__Data segment__

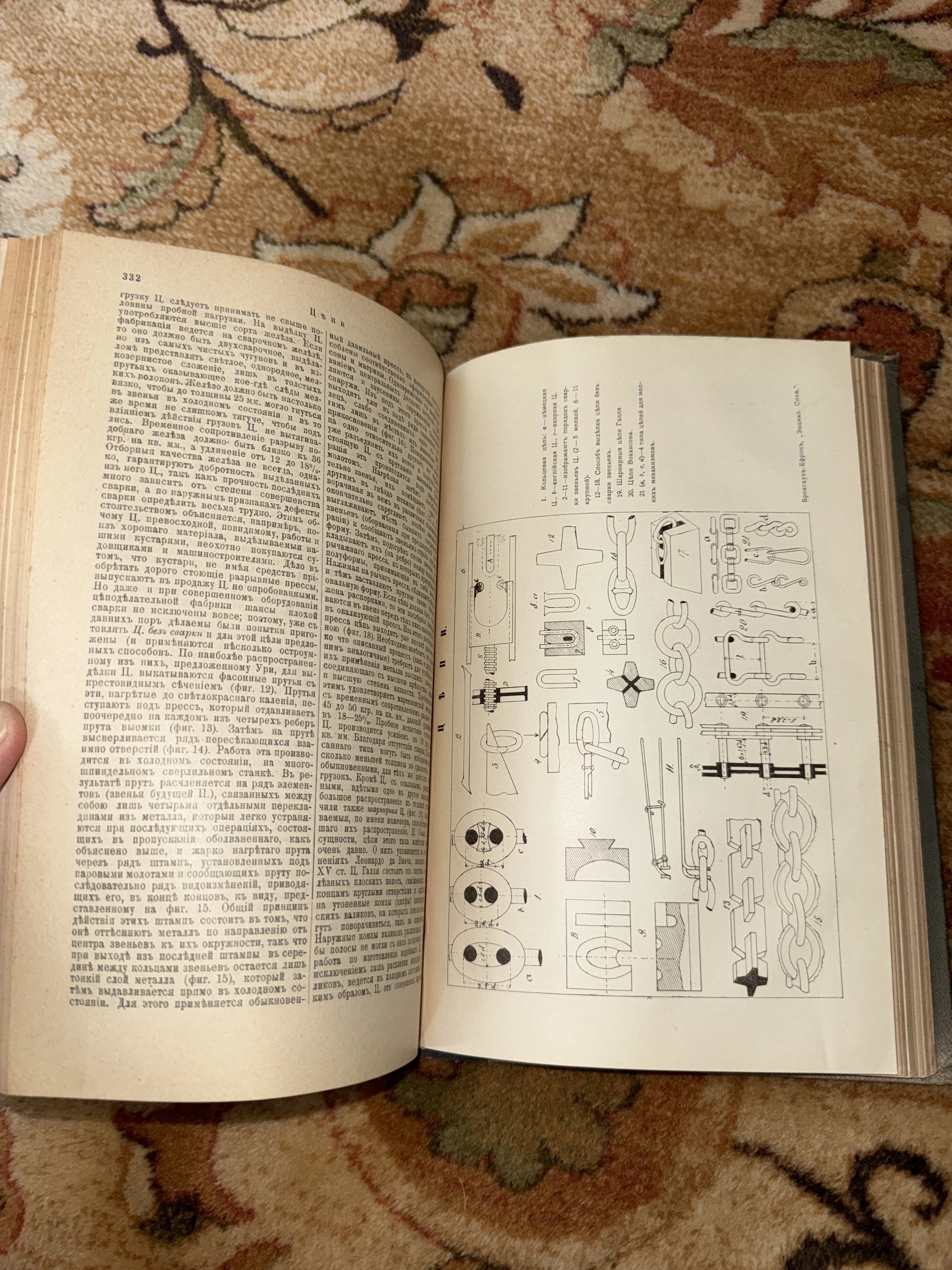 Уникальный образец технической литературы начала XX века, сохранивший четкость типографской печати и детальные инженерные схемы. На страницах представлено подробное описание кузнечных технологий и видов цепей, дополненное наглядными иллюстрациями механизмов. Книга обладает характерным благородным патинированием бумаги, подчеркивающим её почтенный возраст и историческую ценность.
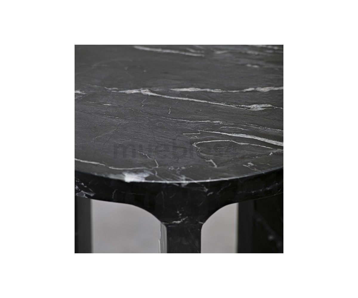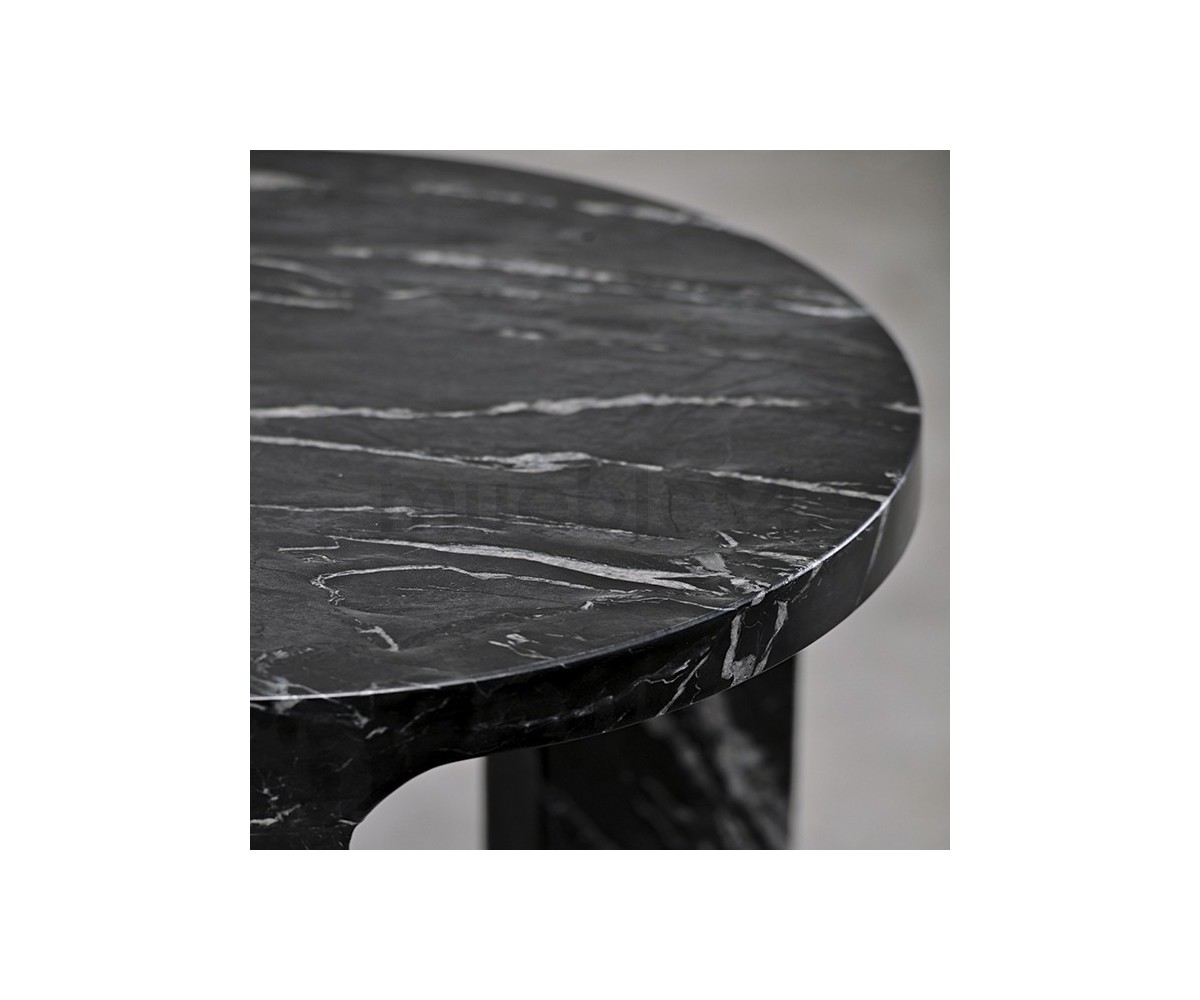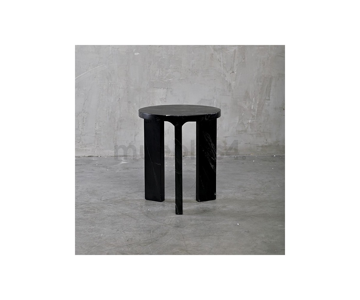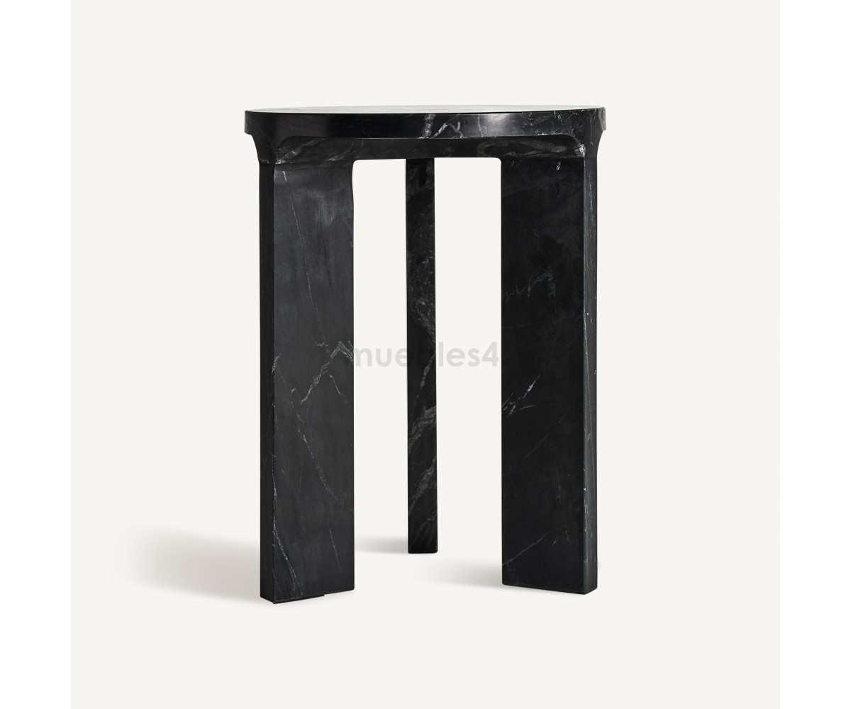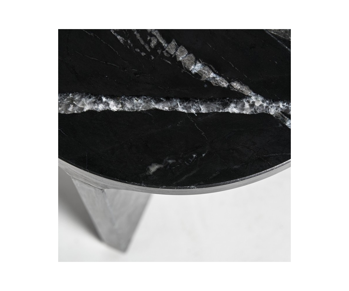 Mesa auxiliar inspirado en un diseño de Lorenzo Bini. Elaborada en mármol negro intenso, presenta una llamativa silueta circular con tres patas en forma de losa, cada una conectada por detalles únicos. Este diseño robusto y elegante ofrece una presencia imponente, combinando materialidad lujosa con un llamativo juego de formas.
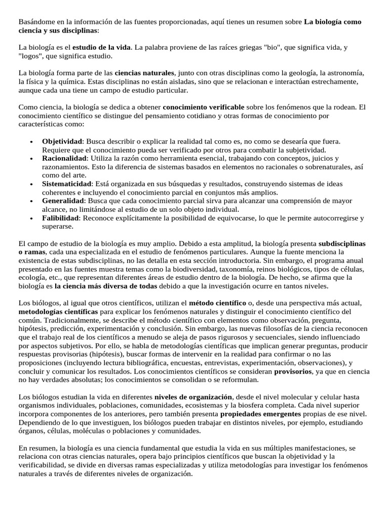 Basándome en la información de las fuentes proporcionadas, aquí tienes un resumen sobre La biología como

__Action item__
Could you retype the whole listing word for word, minus its pictures?

__Answer to the problem__
 Уникальный образец технической литературы начала XX века, сохранивший четкость типографской печати и детальные инженерные схемы. На страницах представлено подробное описание кузнечных технологий и видов цепей, дополненное наглядными иллюстрациями механизмов. Книга обладает характерным благородным патинированием бумаги, подчеркивающим её почтенный возраст и историческую ценность.
 Mesa auxiliar inspirado en un diseño de Lorenzo Bini. Elaborada en mármol negro intenso, presenta una llamativa silueta circular con tres patas en forma de losa, cada una conectada por detalles únicos. Este diseño robusto y elegante ofrece una presencia imponente, combinando materialidad lujosa con un llamativo juego de formas.
 Basándome en la información de las fuentes proporcionadas, aquí tienes un resumen sobre La biología como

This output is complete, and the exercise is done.